The required output is the exact run of lines from the one that contains "Watch Dogs Legion" to the end of the data, with every picture left out.

** Supplied information follows **

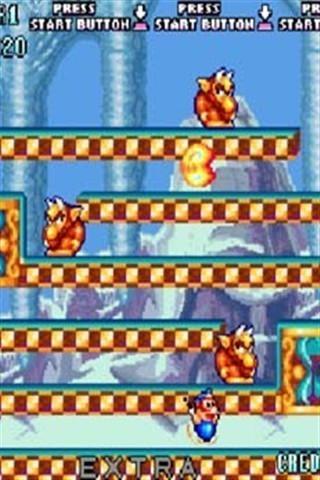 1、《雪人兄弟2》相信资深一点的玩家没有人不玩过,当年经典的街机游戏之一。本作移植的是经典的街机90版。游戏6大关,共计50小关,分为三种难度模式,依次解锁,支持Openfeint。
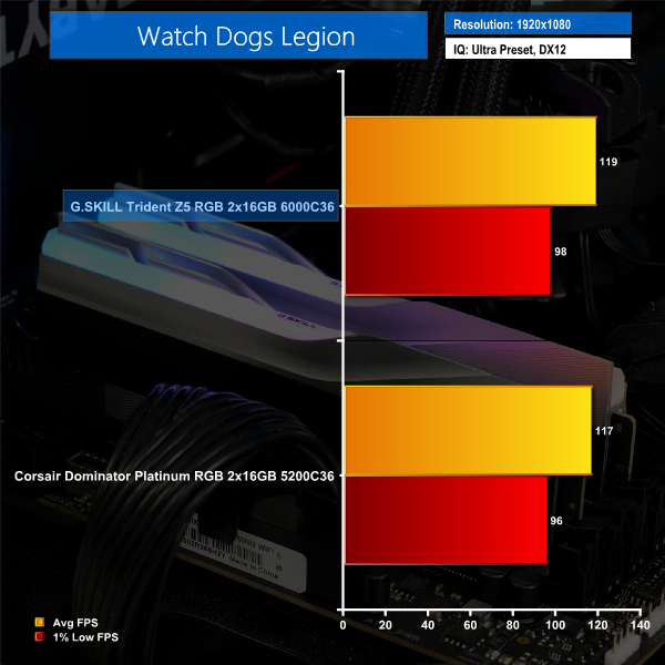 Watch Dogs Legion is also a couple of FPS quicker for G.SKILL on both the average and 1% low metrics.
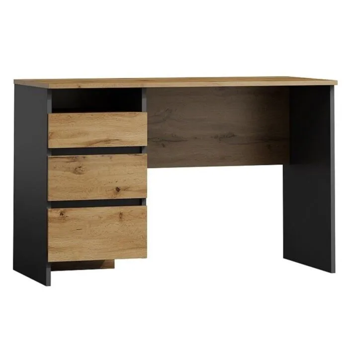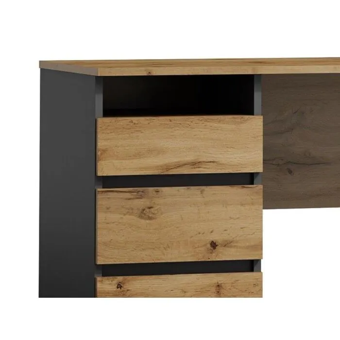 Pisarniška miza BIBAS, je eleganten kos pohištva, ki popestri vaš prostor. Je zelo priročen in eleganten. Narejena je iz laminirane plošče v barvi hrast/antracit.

** End of Supplied information **

• [Exercise output]
 Watch Dogs Legion is also a couple of FPS quicker for G.SKILL on both the average and 1% low metrics.
 Pisarniška miza BIBAS, je eleganten kos pohištva, ki popestri vaš prostor. Je zelo priročen in eleganten. Narejena je iz laminirane plošče v barvi hrast/antracit.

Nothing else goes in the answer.